Alena Arshinova, a member of the
Duma’s education committee, says that introducing such elements into the
curriculum is extremely important, “but it is important that [any such course]
be an elective and that children not be forced to study national culture” lest
that compulsion drive them away.
But many commentators are skeptical
that this program will work. Andrey
Piontkovsky, the director of the Moscow Center for Strategic Research, argues
that such “’national’” lessons “will not help correct the catastrophe which has
taken place in our country” however “theoretically based” they may be.

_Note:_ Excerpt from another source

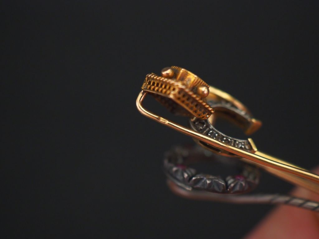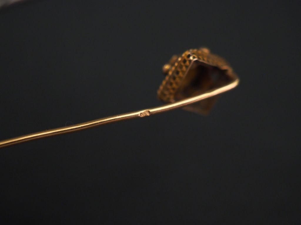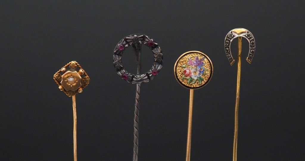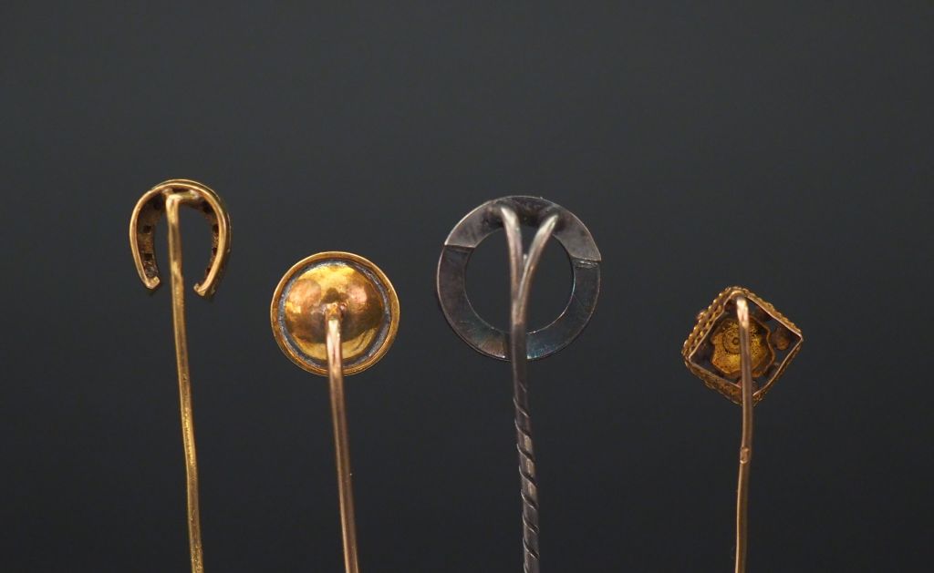 Ensemble comprenant : - une épingle à cravate Napoléon III en or jaune, sertie en son centre d’une perle. Long. 6 cm - une épingle à cravate en or jaune, à décor d’un fer à cheval. Long. 6,5 cm - une épingle à cravate de style Louis XVI en or jaune et émail polychrome, à décor de bouquet de fleurs. Long. 4,9 cm Poids tel. 4,48 g On y joint une épingle à cravate en argent, pierres de couleur et petits diamants taillés en rose. Long. 7,2 cm Poids tel. 2,69 g

“Russia’s problems in this regard
have gone so far that they cannot be resolved by lessons however well-intentioned
.. As long as Caucasians and Russians do not start feeling themselves as
members not only of one country but of one community with common values,
lessons about nationality policy in the schools will not bring any results.”
Although “Izvestiya” does not
mention this, there is only one certainty.
This proposal and especially Tishkov’s association with it guarantees
public opposition. Most Russian
nationalists see the ethnographer as trying to impose an American-style society
on Russia and thus will attack this idea vigorously.
And most non-Russians will see this
measure with its stress on oneness as an attack on their cultures and political
status and a covert effort to Russianize them, whatever Tishkov or Abdulatipoc
say. As a result, this latest effort to
promote a common identity end by having just the opposite effect.